Xerophaeus exiguus

Scientific classification
- Kingdom: Animalia
- Phylum: Arthropoda
- Subphylum: Chelicerata
- Class: Arachnida
- Order: Araneae
- Infraorder: Araneomorphae
- Family: Gnaphosidae
- Genus: Xerophaeus
- Species: X. exiguus
- Binomial name: Xerophaeus exiguus Purcell, 1907

= Xerophaeus exiguus =

- Authority: Purcell, 1907

Species of spider

Xerophaeus exiguus is a species of spider in the family Gnaphosidae. It is endemic to South Africa.

==Distribution==
Xerophaeus exiguus is recorded from two South African provinces: the Eastern Cape and Western Cape.

==Habitat and ecology==
The species inhabits the Thicket and Fynbos biomes at altitudes ranging from 237 to 648 m above sea level. Xerophaeus exiguus are free-living ground dwellers.

==Conservation==
Xerophaeus exiguus is listed as Data Deficient.

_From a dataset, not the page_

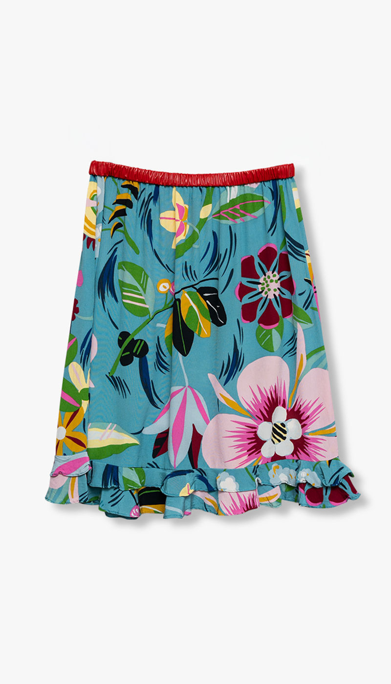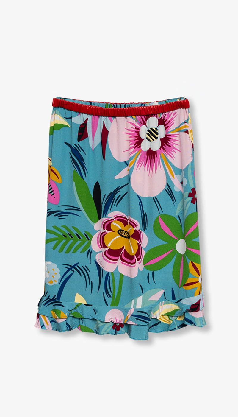 Designet i lett og luksuriøs silk crepe de chine med et eksotisk blomsterprint i sterke, lekne farger. Skjørtet har en elastisk midje med rødt, rynket skinn som gir en uventet edge, balansert med en feminin volangkant nederst.

The three known records of this species were all sampled prior to 1907. Too little is known about the location, range and current status of this taxon for an assessment to be made. More sampling is needed to determine the species' range. Threats are unknown.

==Taxonomy==
The species was originally described by W. F. Purcell in 1907 from Laingsburg. The species has not been revised but is known from both sexes.